Exercise details =>
Exactly as they appear, print the line with "on rock, closeup" and each line after it through the end of the entries below; leave out pictures.

Provided entries =>
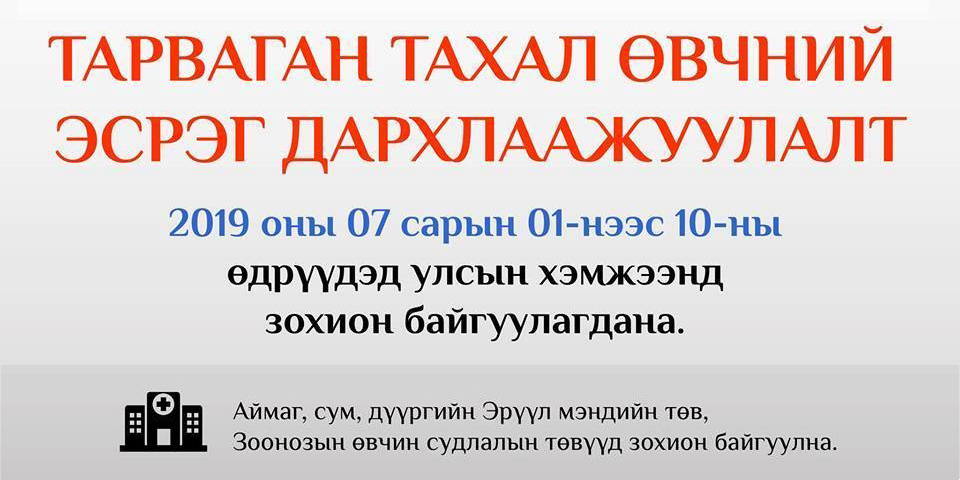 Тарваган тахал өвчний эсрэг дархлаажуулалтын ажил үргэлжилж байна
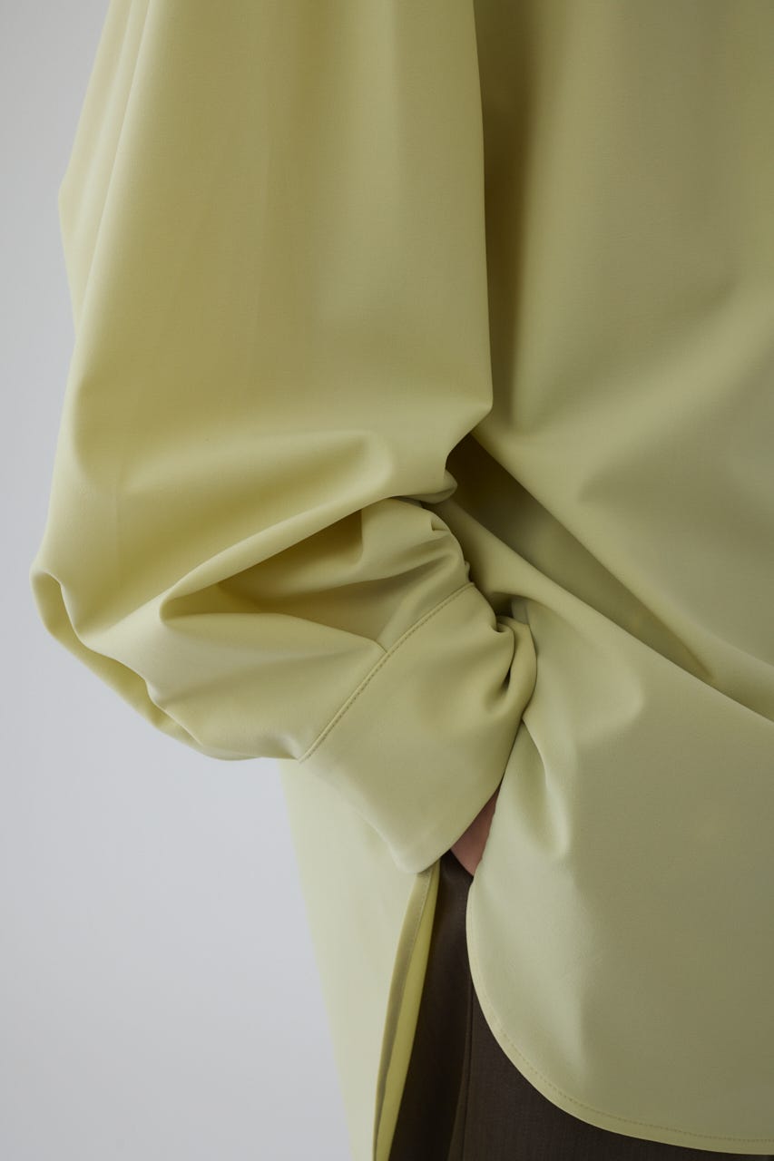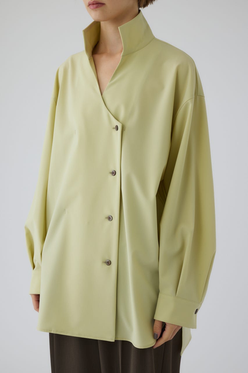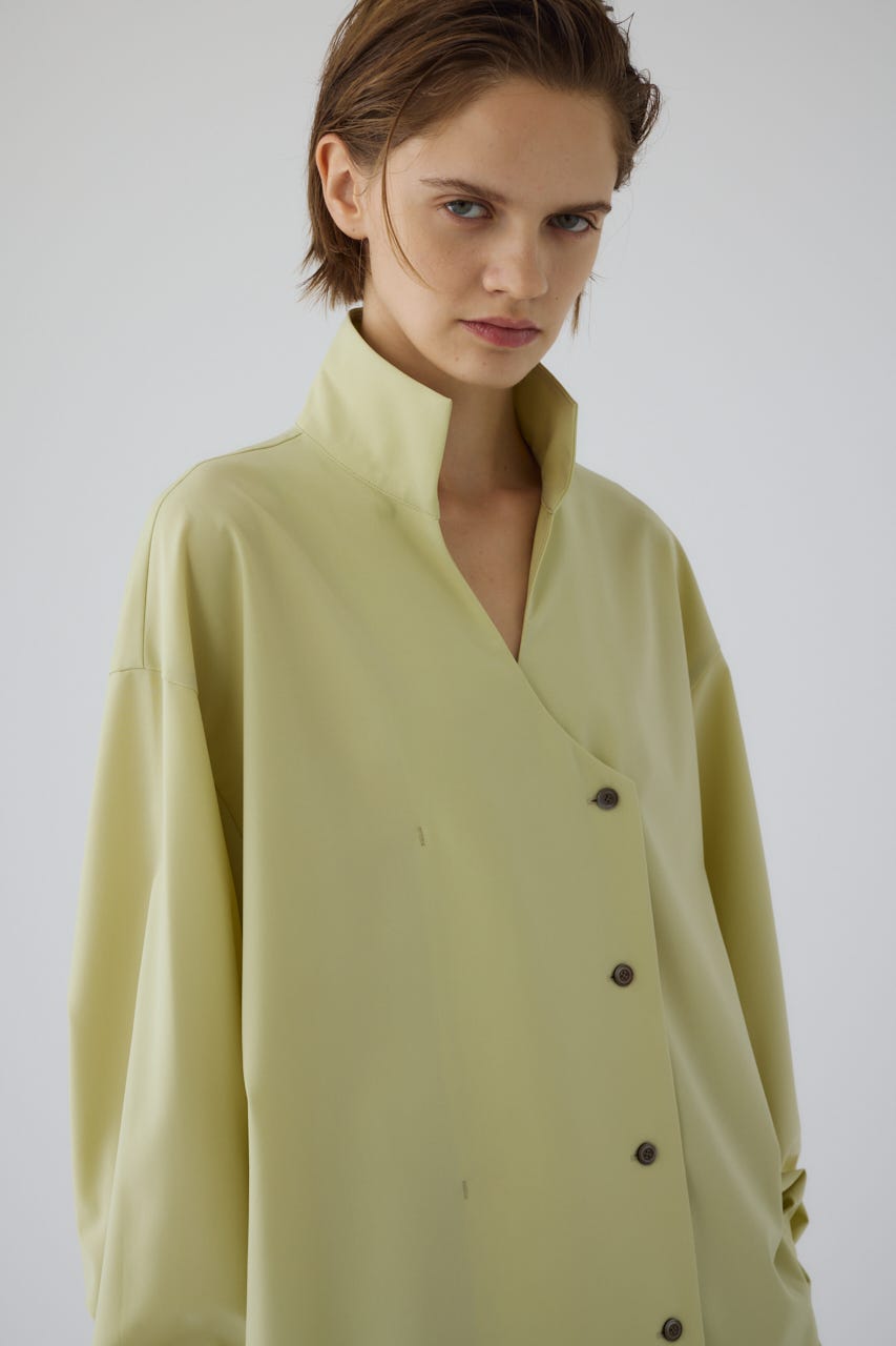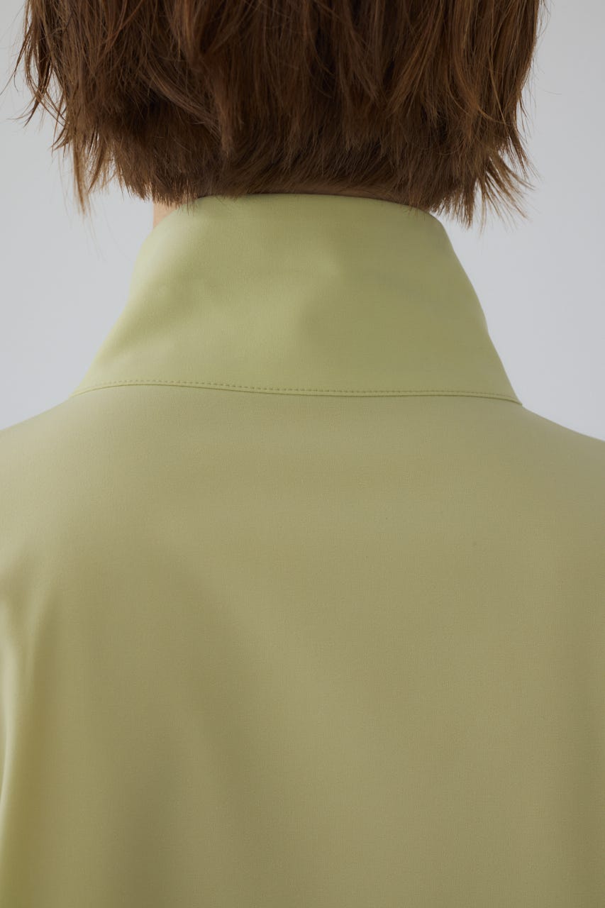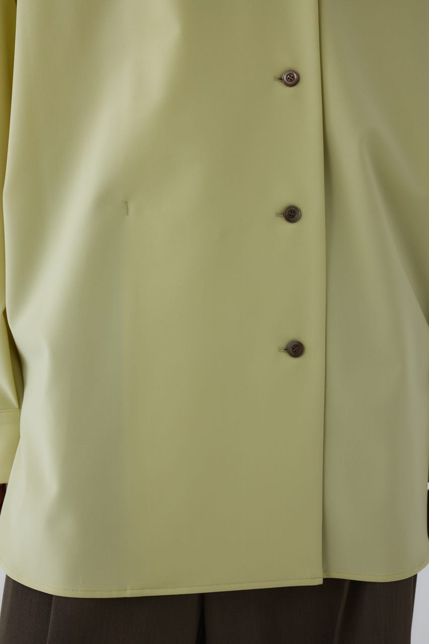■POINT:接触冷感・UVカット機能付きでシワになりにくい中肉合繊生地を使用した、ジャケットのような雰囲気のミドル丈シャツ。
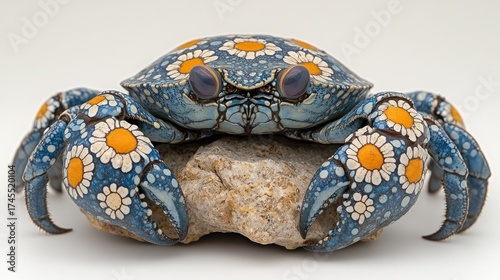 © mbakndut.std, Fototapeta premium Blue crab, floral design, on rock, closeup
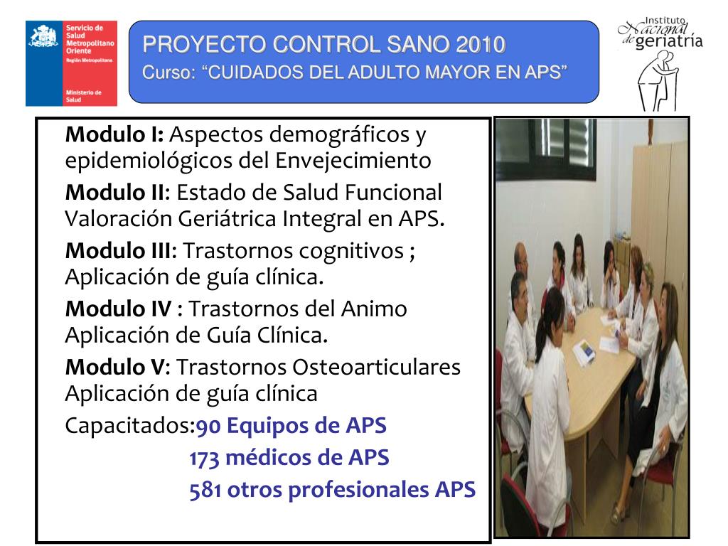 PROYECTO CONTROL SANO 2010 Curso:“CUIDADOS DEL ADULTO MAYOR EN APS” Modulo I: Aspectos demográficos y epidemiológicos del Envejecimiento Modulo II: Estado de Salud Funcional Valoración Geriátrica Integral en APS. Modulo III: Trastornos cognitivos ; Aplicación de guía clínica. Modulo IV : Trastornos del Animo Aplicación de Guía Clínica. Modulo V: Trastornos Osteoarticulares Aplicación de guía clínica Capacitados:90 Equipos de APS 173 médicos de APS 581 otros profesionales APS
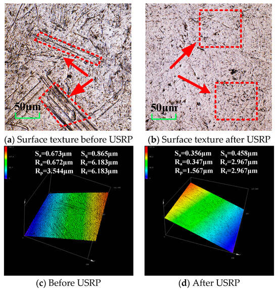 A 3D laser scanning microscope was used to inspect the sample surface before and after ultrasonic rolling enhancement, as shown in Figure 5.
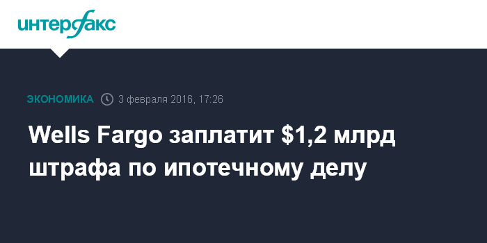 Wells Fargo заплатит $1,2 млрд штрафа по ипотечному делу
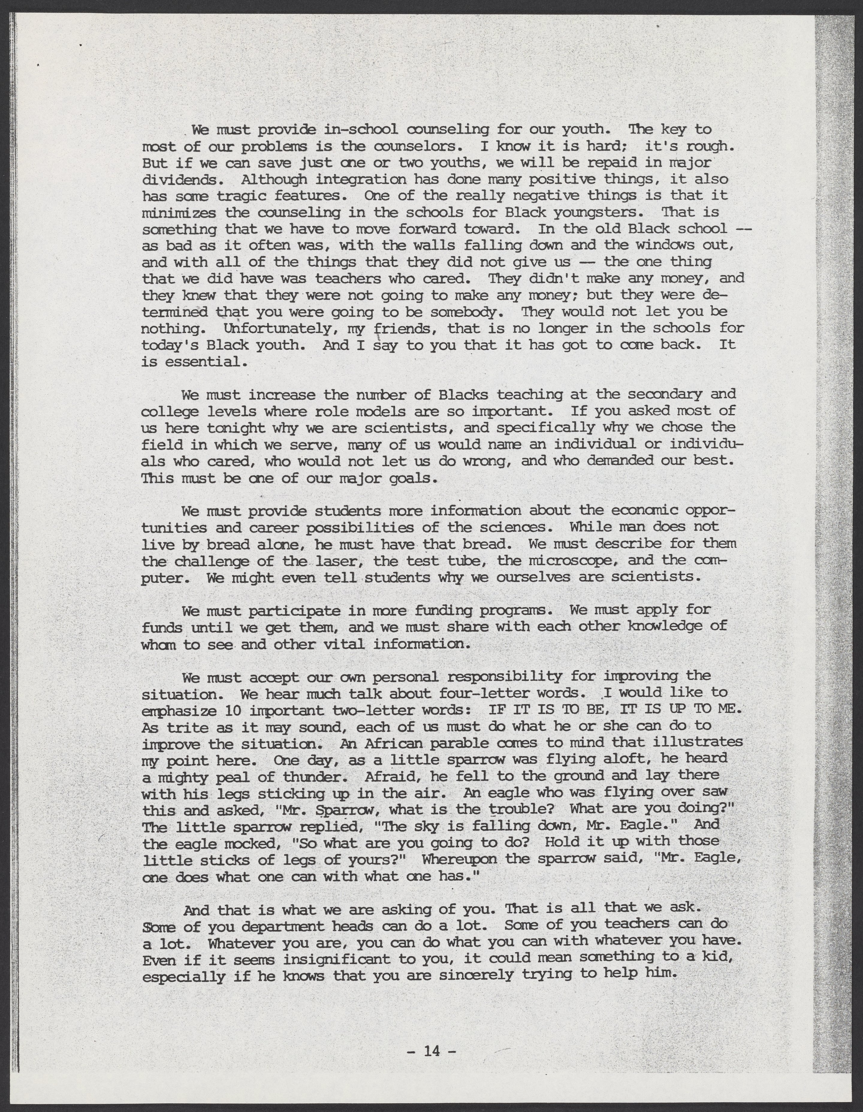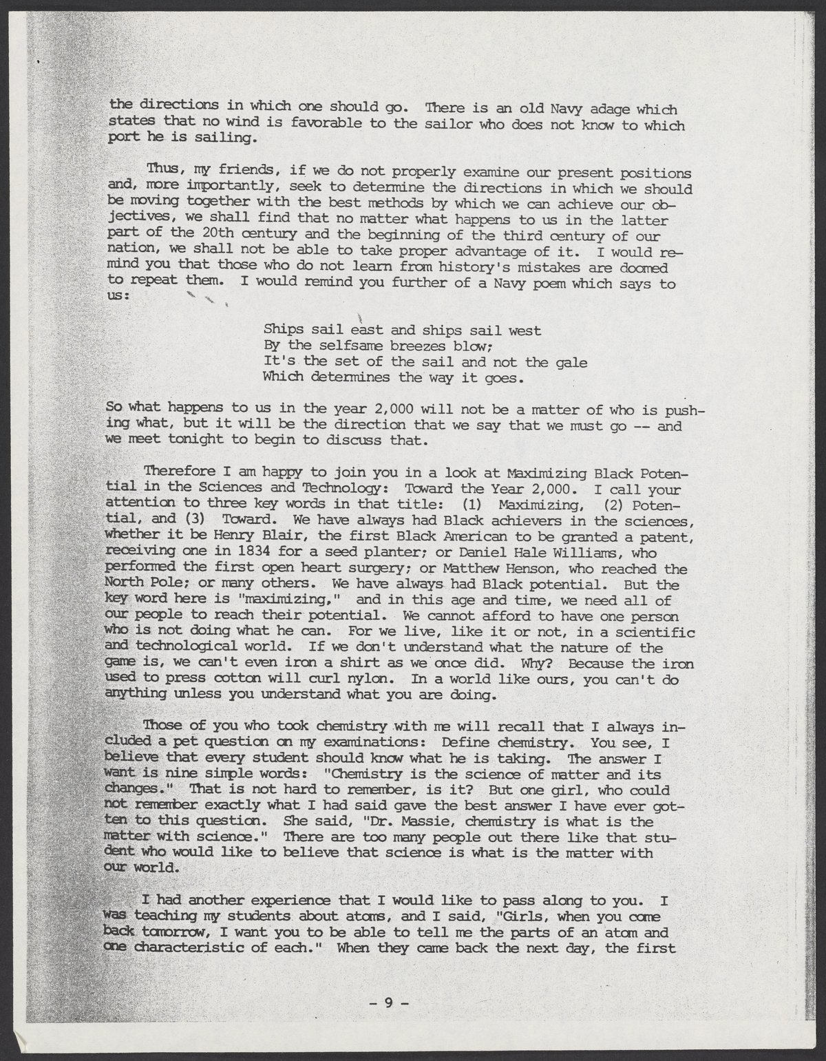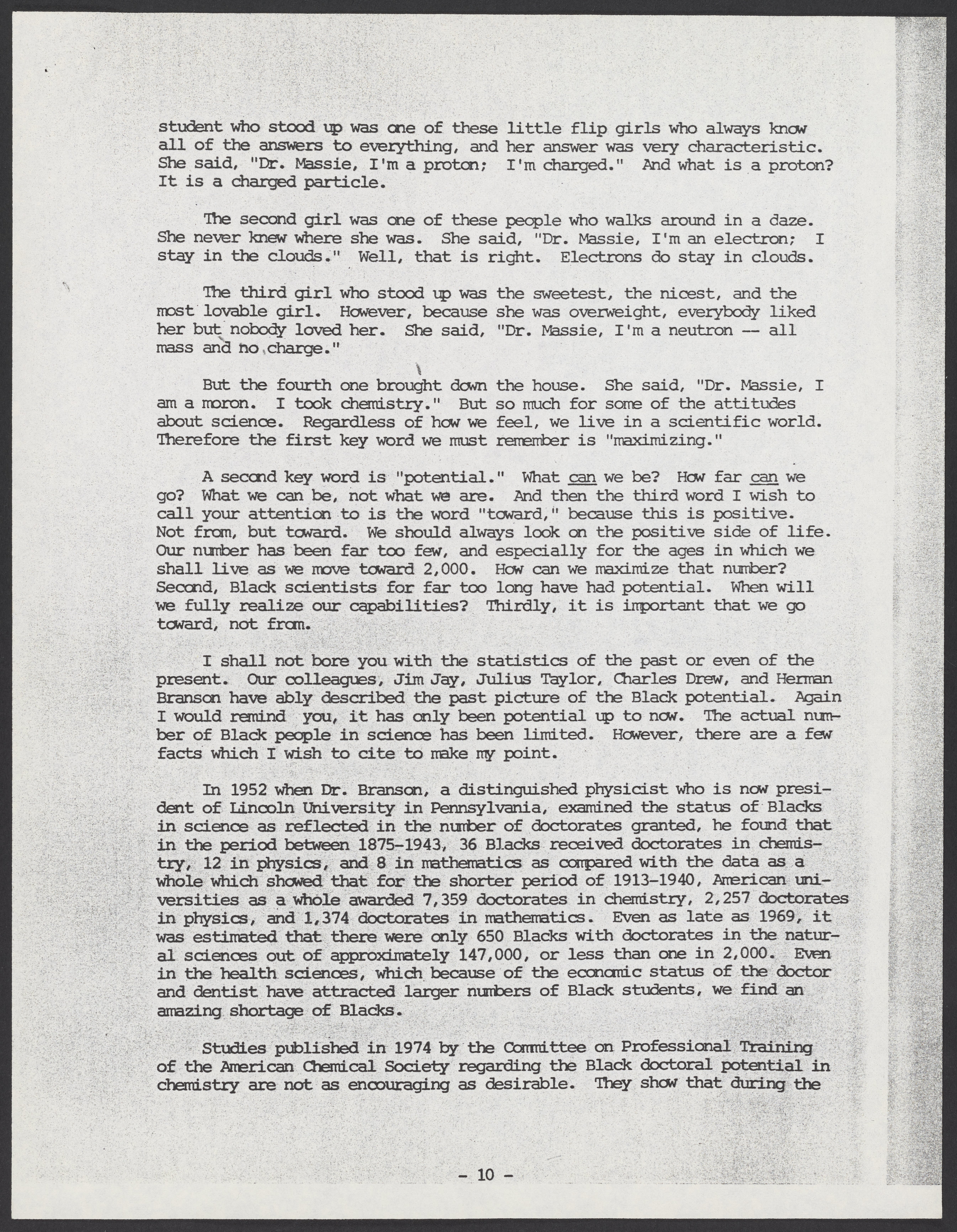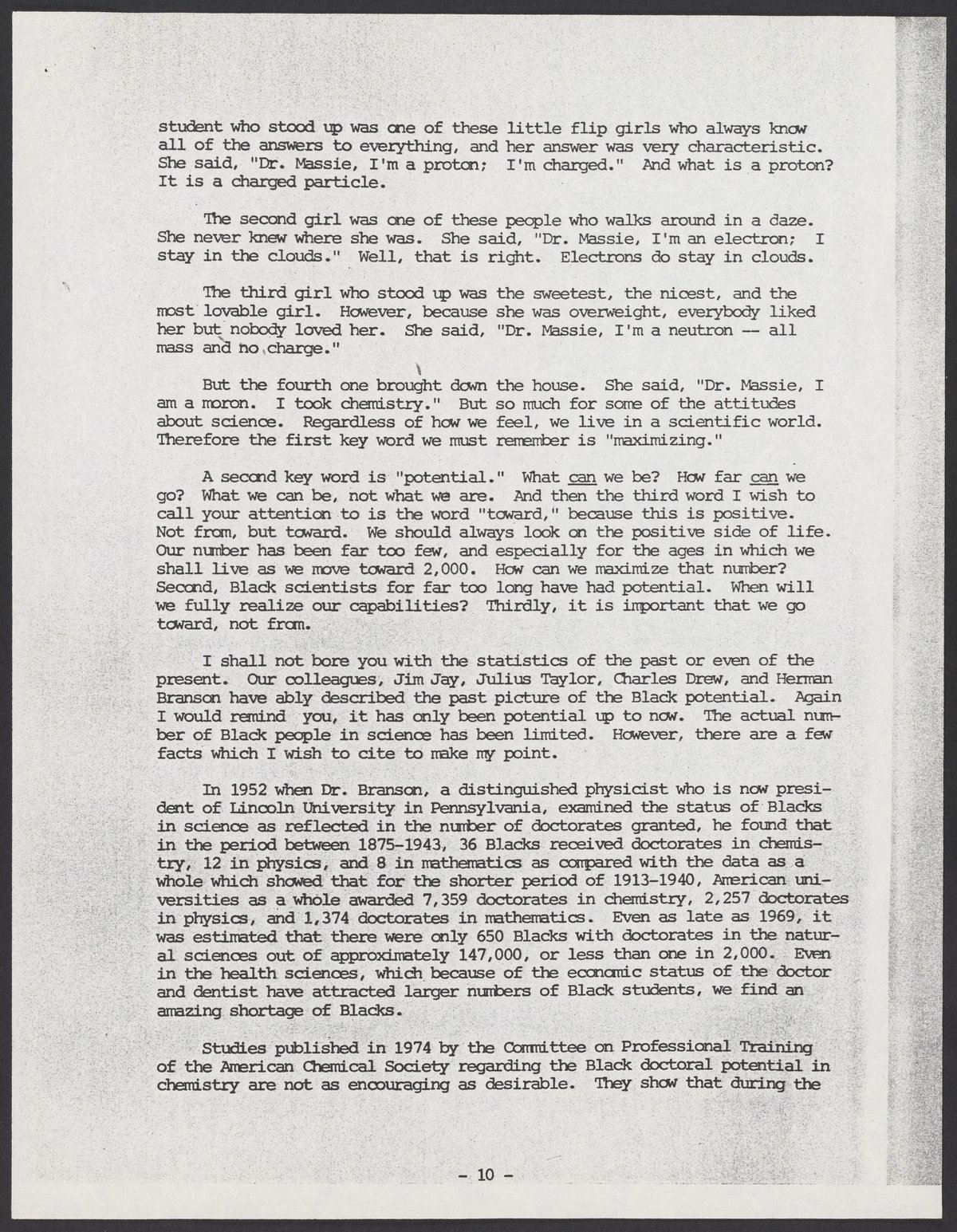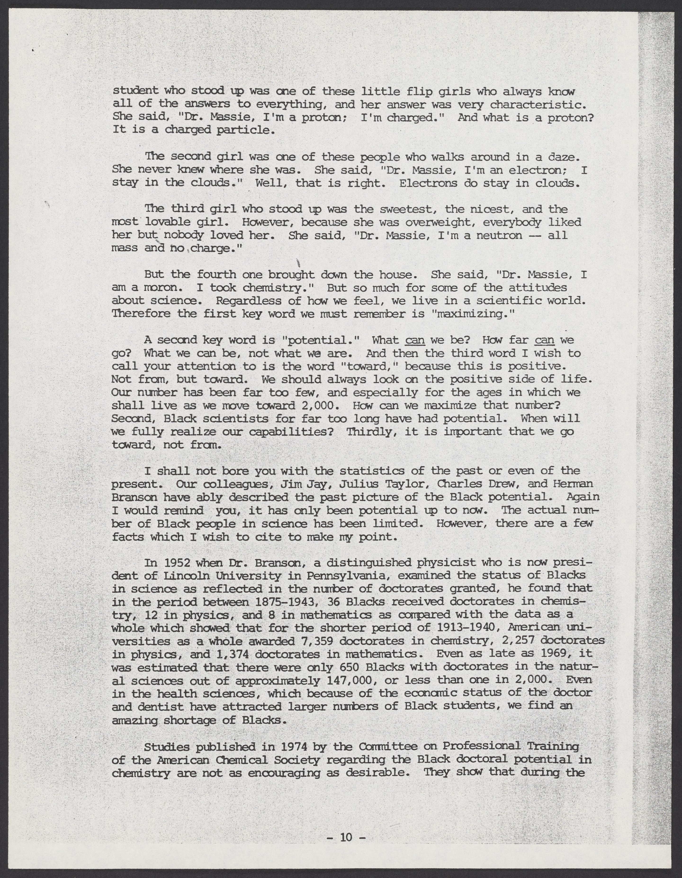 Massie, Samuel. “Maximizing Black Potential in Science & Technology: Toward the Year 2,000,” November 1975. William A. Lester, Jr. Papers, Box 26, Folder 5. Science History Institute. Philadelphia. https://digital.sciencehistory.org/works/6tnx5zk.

Task answer =>
 © mbakndut.std, Fototapeta premium Blue crab, floral design, on rock, closeup
 PROYECTO CONTROL SANO 2010 Curso:“CUIDADOS DEL ADULTO MAYOR EN APS” Modulo I: Aspectos demográficos y epidemiológicos del Envejecimiento Modulo II: Estado de Salud Funcional Valoración Geriátrica Integral en APS. Modulo III: Trastornos cognitivos ; Aplicación de guía clínica. Modulo IV : Trastornos del Animo Aplicación de Guía Clínica. Modulo V: Trastornos Osteoarticulares Aplicación de guía clínica Capacitados:90 Equipos de APS 173 médicos de APS 581 otros profesionales APS
 A 3D laser scanning microscope was used to inspect the sample surface before and after ultrasonic rolling enhancement, as shown in Figure 5.
 Wells Fargo заплатит $1,2 млрд штрафа по ипотечному делу
 Massie, Samuel. “Maximizing Black Potential in Science & Technology: Toward the Year 2,000,” November 1975. William A. Lester, Jr. Papers, Box 26, Folder 5. Science History Institute. Philadelphia. https://digital.sciencehistory.org/works/6tnx5zk.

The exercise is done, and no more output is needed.